The impact of Piracy on the international community is difficult to ascertain, yet the monetary and human cost is certainly far too high. Piracy sadly continues to thrive, and there has been a marked rise in attacks and kidnappings over the last decade. This is why vessels and crews continue to invest heavily in anti-Piracy measures. There are many options available that range from the cheap to the expensive, and all will have varying degrees of success depending on the situation. Below are some examples of anti-Piracy methods available.

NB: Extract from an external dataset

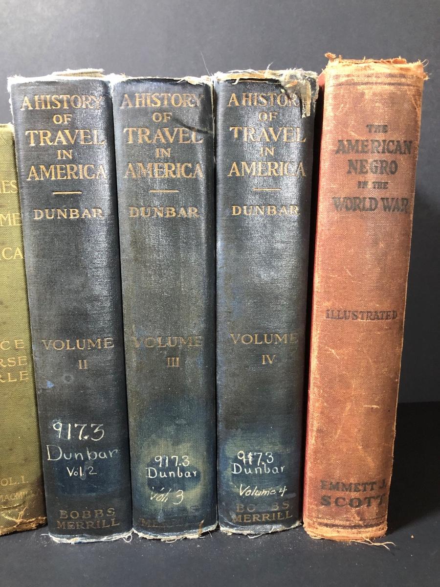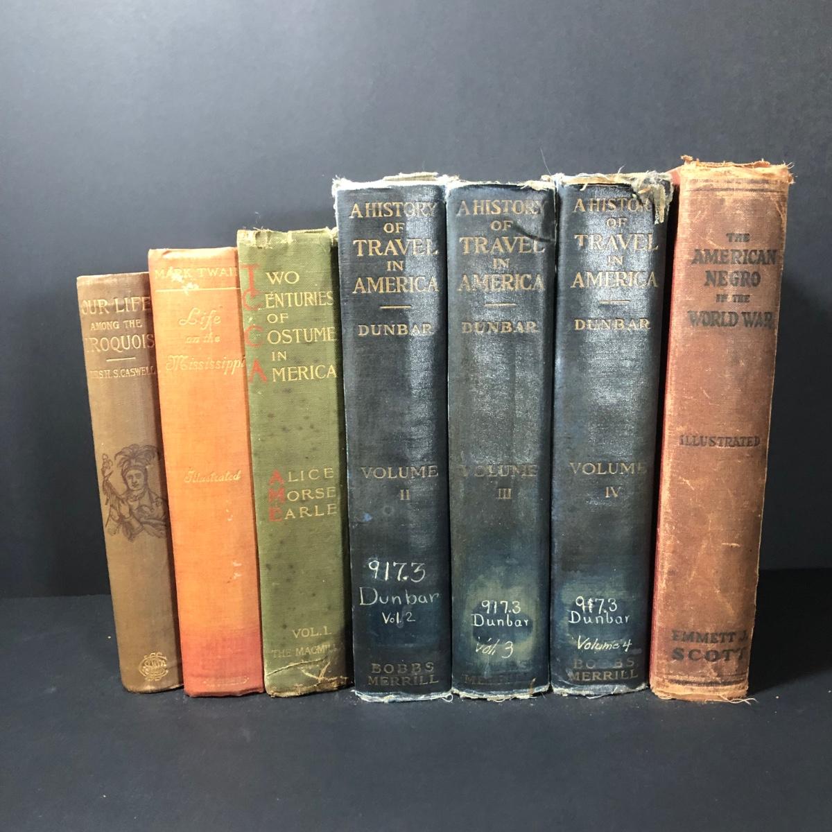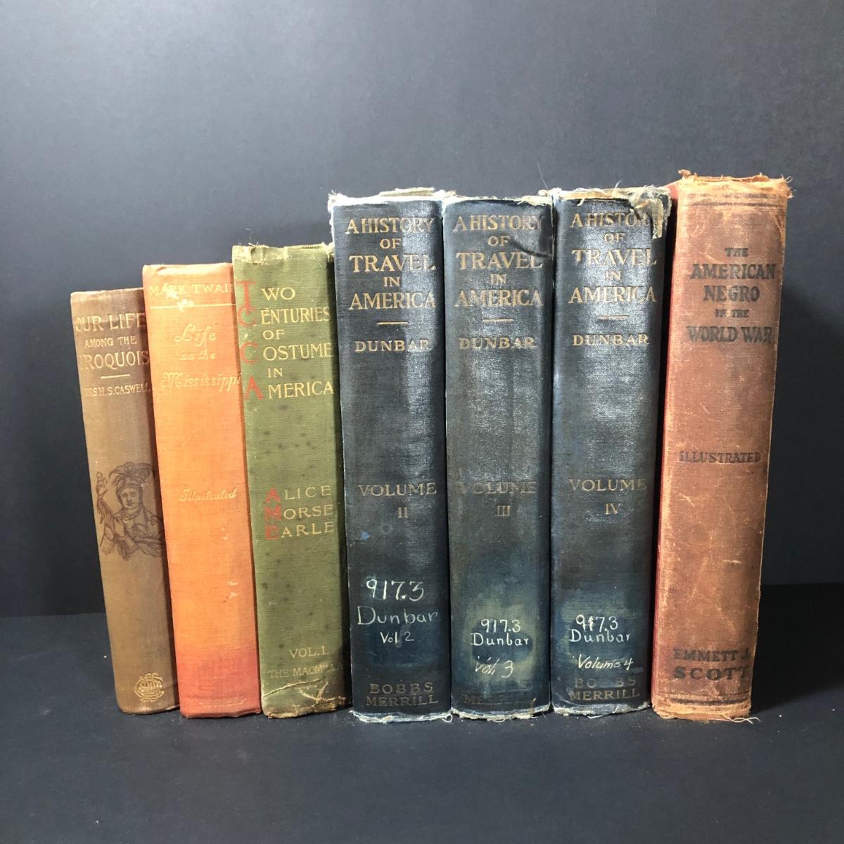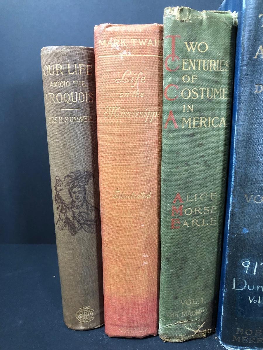 LOT 1D: Antique Books - Mark Twain's Life on the Mississippi (1883), Alice Morse Elise's Two Centuries of Costume in America (1903), Dunbar's A History of Travel in America (Vol2-4, 1915) & More
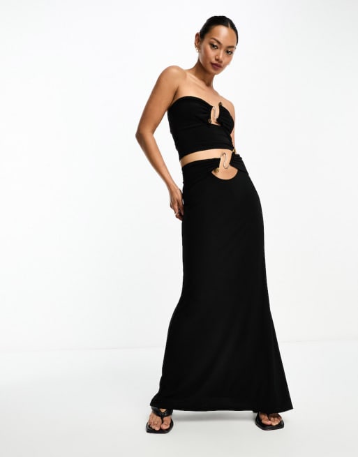 Conjunto negro de falda larga con abertura y detalle de metal de ASOS DESIGN

While often seen as the least effective method of countering Piracy, simply avoiding the areas with the highest incidents of Piracy is an option available to ships. However, it does have significant advantages- for one, the added cost in time and fuel can make it counter-productive for many, and simply not a viable solution. More importantly however, studies have shown that Piracy increases in areas with the most shipping. Evasion en masse therefore may only delay Piracy and cause it to shift to other areas. However, for some ships perhaps making one-off journeys, it is an option.
This is one of the simplest tools available for vessels, and is often seen as being less effective than other methods. However, by targeting attackers with water hoses crews can make boarding impossible by creating slippery surfaces or literally pushing Pirates from their boats.
Foam is very similar to water hoses in its aim. By coating the surface of a ship in slippery foam, there is no way for Pirates to gain purchase and board. However, there are some concerns over the environmental impact of using foam.
Barbed wire is seen as a particularly aggressive solution, despite being a ‘passive’ option. The image of ships covered in barbed wire is undesirable for some, particularly smaller ships, but is undeniably effective in preventing Pirates from boarding. Barbed wire may also be intimidating to Pirates, as it displays a readiness to attackers that may deter them.
Displaying to Pirates a readiness for attack is one of the key considerations in hiring Private Security to protect ships. After all, there is little that signals a preparedness for attack than the presence of Maritime Security Operatives. Indeed, statistics have shown that vessels employing private protection have a far lower rate of boarding than other ships. However, Maritime Security can be costly, particularly when considering the equipment they need, which stretches from weapons to bullet proof vests. Similarly, they may be an unwelcome sight on civilian crafts.
Finally, there are the seemingly fantastical weapons that have nonetheless proven to be very useful in Maritime environments. By harnessing sounds far above the human threshold these ‘Long-Range Acoustic Devices (LRAD)’ can incapacitate attackers with focused sounds. These weapons are remarkably accessible and have proven effective in stopping Pirates. Other more common methods include rubber bullets and even non-lethal explosives.